Planned improvements and extensions include:

  • Search in parallel treebanks

Tree search: Search in constituency and dependency treebanks

Nodes and node variables

An INESS Search query is a logical form that consists of a set of (existentially or universally) quantified node variables and a specification of predicates (or constraints) on and relations between those node variables.

A treebank graph (or tree) matches a query if the logical form evaluates to true on that graph. In the easiest case of a query containing existentially quantified nodes only, a graph matches if there exists an instantiation of the node variables with nodes from the graph such that the query form is true on those nodes.

Every valid instantiation of the existential node variables that are not in the scope of universal variables is a submatch and is displayed separately in the matching graph.

  • Example: A tree matches the query #x > #y if it contains a node X directly dominating a node Y, since the instantiations #x ← X and #y ← Y make the query form evaluate to true: “X > Y” is true.
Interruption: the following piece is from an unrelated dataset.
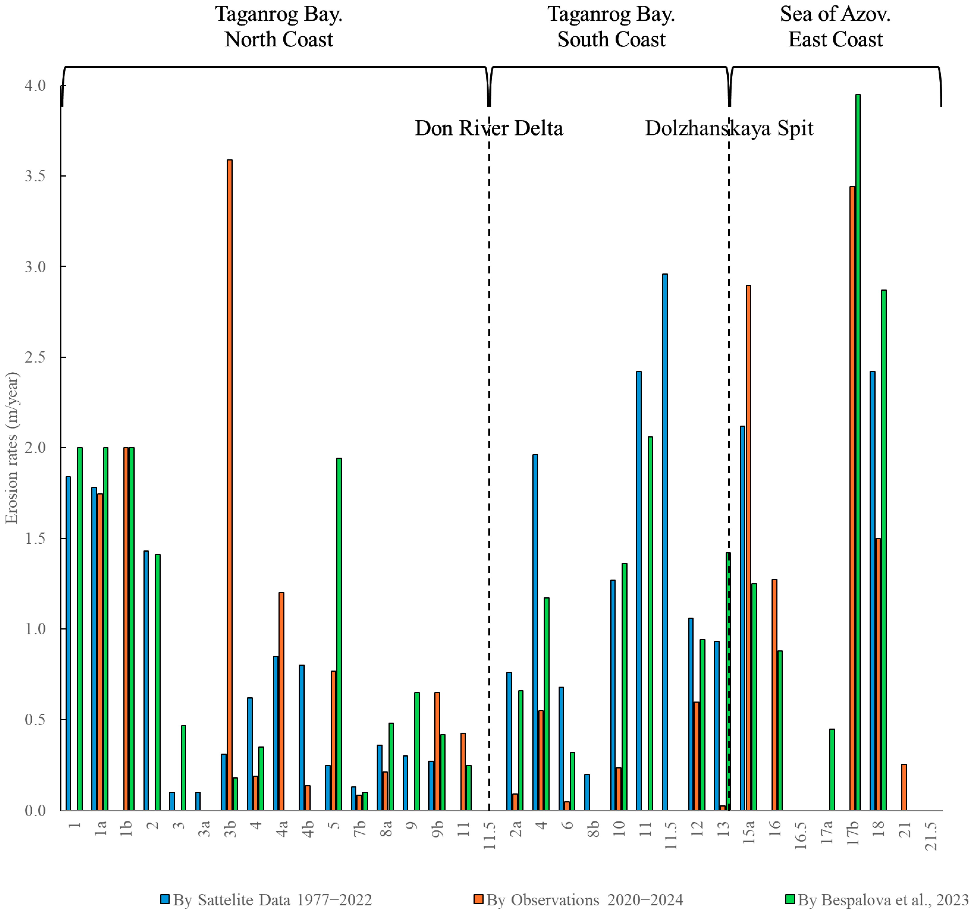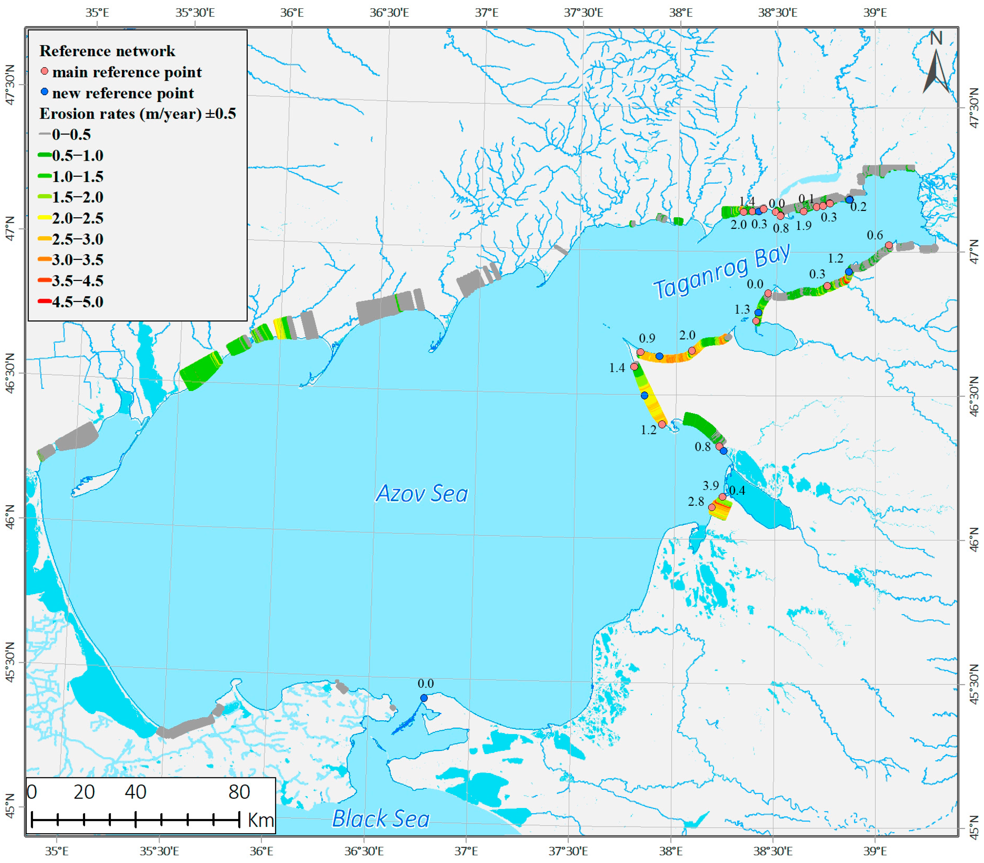 For the Sea of Azov, the continuity of these data is ensured by a long-term systematic monitoring program of cliff-edge retreat. Initiated in the mid-20th century by Rostov State University (now part of Southern Federal University) through an established reference network, this monitoring effort has been consistently sustained. Since 2002, the program has been further strengthened by collaborative efforts with researchers from the Southern Scientific Center of the Russian Academy of Sciences, operating within this same established network (

The pair (X, Y) is one submatch of the query.

Node variables are strings of ASCII characters preceded by one of the variable markers # or %:

#n, #x_1, %vp

  • If the variable marker is #, the node variable is taken to be existentially quantified (there exists an x such that ...).
  • If the variable marker is %, the node variable is universally quantified (for all x: ...). More on quantification below.
  • If the variable name contains an _, its values are not displayed in the frequency tables.
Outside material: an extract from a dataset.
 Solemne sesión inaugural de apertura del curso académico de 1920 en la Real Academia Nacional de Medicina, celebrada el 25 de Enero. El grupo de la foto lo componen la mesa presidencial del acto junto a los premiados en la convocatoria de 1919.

In queries using the abbreviated syntax, node variables are often introduced implicitly. Those implicit variables are always existentially quantified.
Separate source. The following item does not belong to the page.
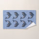 This set of bath towels that includes a wash towel, hand towel, and bath towel is light blue with a group of cute ocean dark blue dolphins with white stomachs that are in a jumping position. Purchase the whole set or individually.

  • Example: The abbreviated query NP, which matches nodes labeled ‘NP’, introduces an implicit node variable for the node that should be matched, as can be seen from the equivalent unabbreviated form of the query: #n_1:[label="NP"].

Node constraints and features

Treebank graph nodes come with feature values for a given set of features (or attributes).
The number of available features depends on the treebank and the coded features of a given treebank.

Commonly used features are:

  • word: the surface word form, on leaf nodes in constituency trees, and on all nodes in dependency graphs
  • lemma: the lemma form
  • morph: morphology, used e.g., in the UD treebanks
  • value: surface word form in c-structures (will be changed to word some time)
  • atom: atomic value in an LFG f-structure
  • cat: node label (not used in f-structures)
  • edge: label of an edge to the/a parent node (multi-valued feature in f-structures)
  • child-edge: label of an edge to a child node (multi-valued feature)
  • sec-edge: label of a secondary edge (Tiger-style constituency and dependency treebanks)
  • sec-child-edge: label of a secondary edge to a child node (Tiger-style constituency and dependency treebanks)
  • case, number, gender, person, degree, tense, mood, cat: used in the TIGER treebank
  • type, entity: used in HPSG treebanks

The features available in a given treebank for querying are listed on the Treebank details page.

A node variable can be constrained to a combination (by &) of feature-value pairs using a node constraint expression in square brackets.

Examples:

  • #x:[word="gut"]
  • %y:[lemma="gehen" & pos="V.*"]

For most features, the value is given as a regular expression (see below).
Some features can be set-valued, and they can be queried in a special syntax, where the right side of the feature-value pair is a boolean combination of values in parenthesis.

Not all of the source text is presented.